National Cartoonists Society Adds Webcomics Award
Nation Cartoonists Society president Tom Richmond announced this week that the venerable organization was adding a web-comics division for this year.
According to Richmond’s blog post, he and Awards membership chairman Sean Parkes had been working on this for some time. They received feedback from several industry experts including Dave Kellett (Sheldon, Drive), Andrew Farago (curator of the Cartoon Art Museum, San Francisco), Michael Jantze (The Norm, Professor of Sequential Art and Animation, Savannah College of Art and Design).
Richmond went on to explain that the category, Best Online Comic Strip, will be narrowly focused and based on the following criteria:
- Comic-strip format only (no single panels, long-form narrative. etc.)
- Must be web only publication (any syndication in print would make it eligible for the Best Syndicated Comic Strip Division)
- Must be at least a weekly
- Must have shown consistent publication based on determined time-schedule (i.e. it being a daily, twice-a-week, weekly, etc.) over the course of the 2011 calendar year
- Creator must earn the greater part of their living directly from the strip/property
Submitted work itself must be:
- No more than 12 samples, submitted as physical prints along with submission form and bio or as PDF with 2-4 strips per page and including bio/submission form
- Work must have been published (posted) during period from Dec. 1, 2010 to Dec 31, 2011 (archive.org links must be provided for each strip for verification).
The first panel of judges to help determine the qualified nominees and select a winner was also announced:
- Bill Amend– Creator of Foxtrot
- David Allan Duncan– Professor of Sequential Art Graduate Coordinator, Savannah College of Art and Design
- Andrew Farago– Curator, Cartoon Art Museum, San Francisco
- Michael Jantze– Professor of Sequential Art and Animation, Savannah College of Art and Design
- Rick Marshall– Freelance Writer, Editor, and Producer, Time Inc., MTV News, IFC, Movies.com, Digital Trends, CBR (and former ComicMix editor)
- Gary Tyrrell– Writer/Editor, Fleen.com
This is perhaps the most significant step the NCS has taken towards remaining relevant in a world where syndicated strips have declined in number as well as printed size. Their influence as a shaper of American culture has diminished as the number of daily newspapers decline in number around the country.
Meantime, given their viral nature, few webcomics have become the “water cooler” topic of discussion that the traditional strips once enjoyed. There are countless digital comics by fans and professionals scattered across the web, each with their own following.
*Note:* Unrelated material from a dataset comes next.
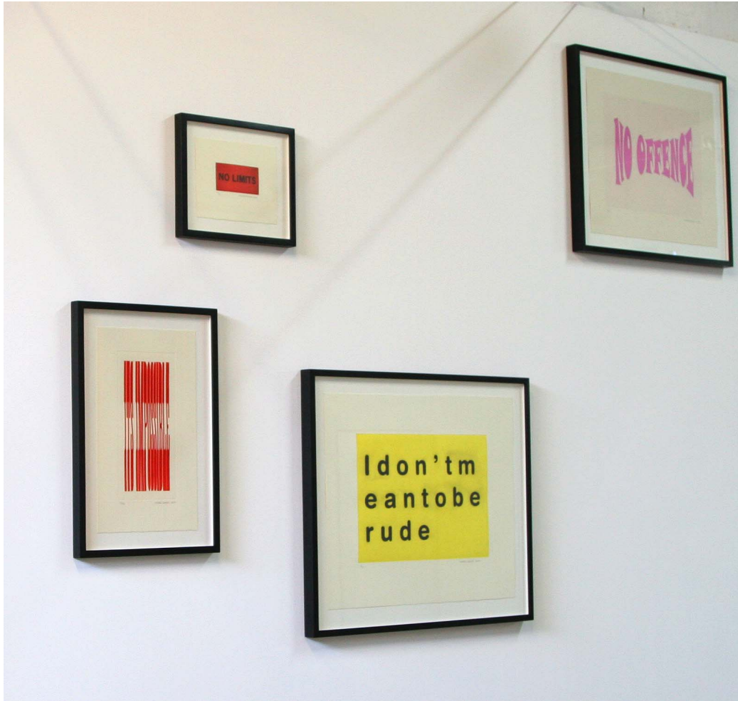
5. Various prints from 'Stringing a Line' at Bainbridge Studios, November 2010

This award joins the Eisners and Harveys as recognizing the place webcomics has taken in graphic storytelling.
About time.
That last condition, “Creator must earn the greater part of their living directly from the strip/property,” seems like an unfair rule. I can’t imagine too many online strips earn their creators the majority of their income. As well, this rule isn’t a condition for submitting a traditional strip. With the state of the newspaper market today, a number of syndicated cartoonists continue to their daily strips because they love it but make their primary living from other art or another field. I couldn’t have submitted my “Annie” strips under that condition.
Good point and, you know, with the state of newspapers being what it is…I’m sure there are webcomics that have greater daily views than some print daily strips are read.